The Meta-Principle: Inventory Quality Determines Engagement Quality

A comprehensive, well-structured problem inventory is the strategic asset that makes everything else possible.

It’s the difference between:

  • ❌ Vague “we should improve things” → ✅ Data-driven roadmap with ROI projections
  • ❌ Political debates about priorities → ✅ Objective scoring and defensible decisions
  • ❌ Solutions that miss the mark → ✅ Solutions that address root causes
  • ❌ Initiatives that stall → ✅ Clear ownership and success metrics

Invest heavily in inventory quality. Everything downstream depends on it.

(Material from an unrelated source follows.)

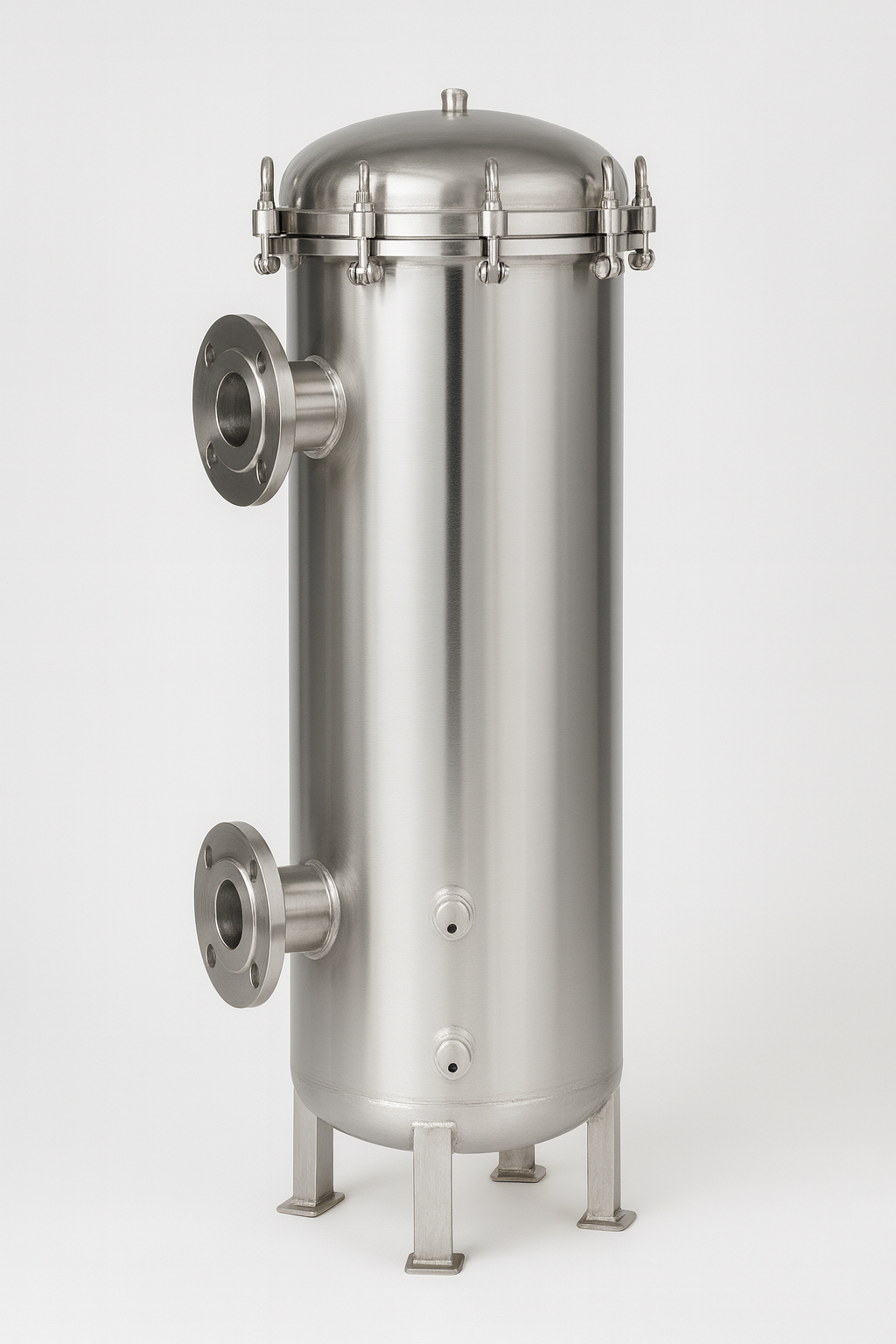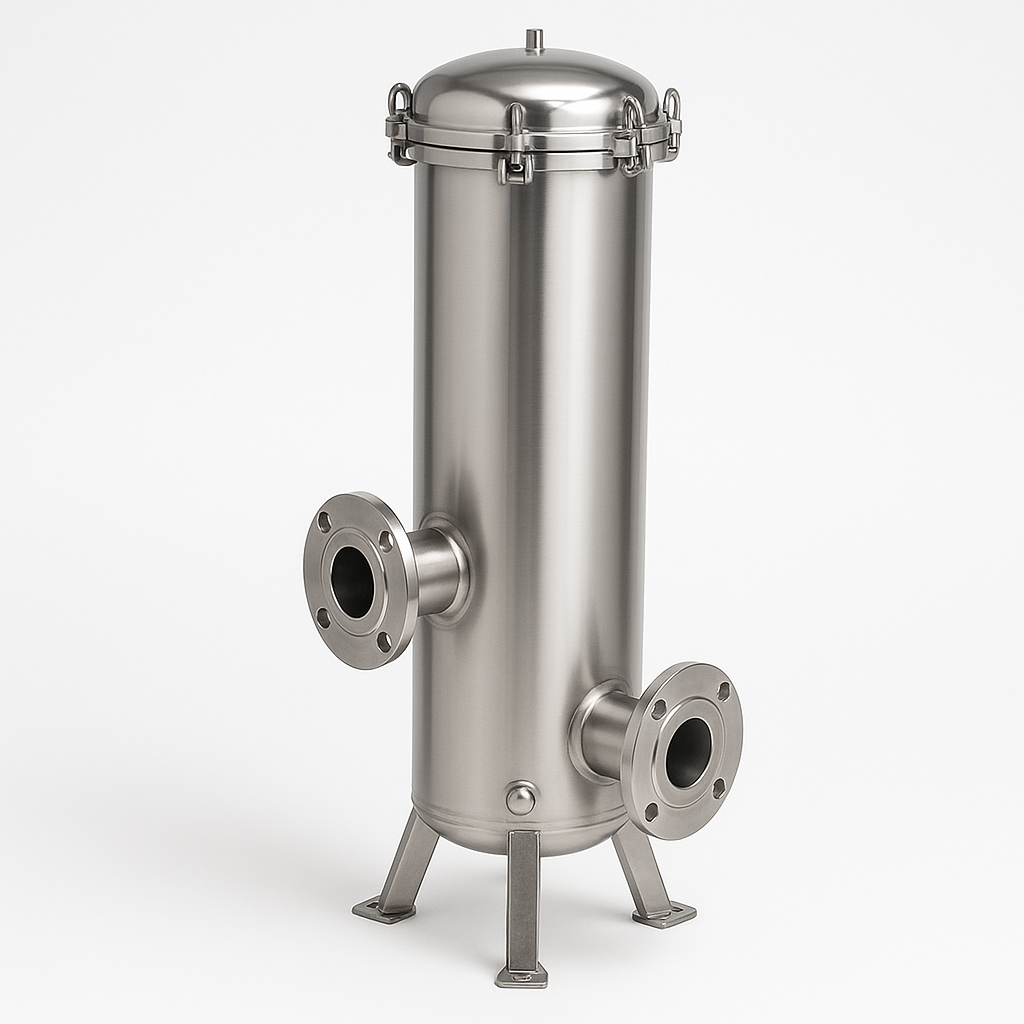 Stark Fast-Loading Cartridge Filter Housing is designed for efficiency and stability. Featuring integral stainless steel legs (floor-standing) and a rapid-access top closure, this series handles flow rates from 4.5 to 55 m³/h, making it the ideal solution for industrial filtration systems requiring frequent maintenance.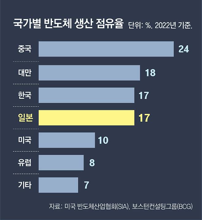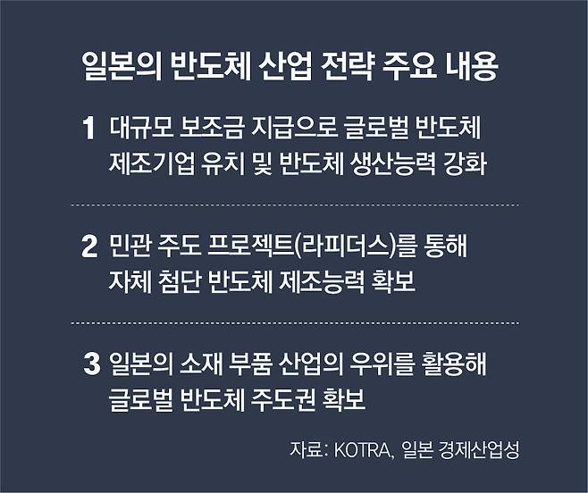 그렇게 일본 반도체가 무너졌다. 2012년 NEC와 히타치의 반도체 사업 부문이 통합해 설립된 ‘엘피다’ 파산, 2017년 도시바 반도체 부문 매각, 2019년 파나소닉 반도체 공장 매각 등으로 글로벌 시장에서 일본 반도체 기업의 존재감은 점차 옅어졌다. 시장조사기관 가트너에 따르면 지난해 기준 일본 반도체 기업은 반도체 제조사 매출 상위 10개사 가운데 한 곳도 이름을 올리지 못했다. 반면 한국의 삼성전자와 SK하이닉스는 각각 2, 3위에 올랐다.

When an executive asks “Why are we spending $100K on this?”, you point to the inventory:

“Because we quantified that this problem cluster costs us $180K/year, affects 4 departments, and is driving analyst turnover. Here’s the data. Here are the sources. Here’s the ROI calculation. This is defensible.”

That’s the power of a comprehensive problem inventory.


What aspects of problem inventory creation are you most concerned about? Quantification methodology? Getting honest input? Avoiding analysis paralysis? Managing scope creep? Handling problems that cross organizational boundaries?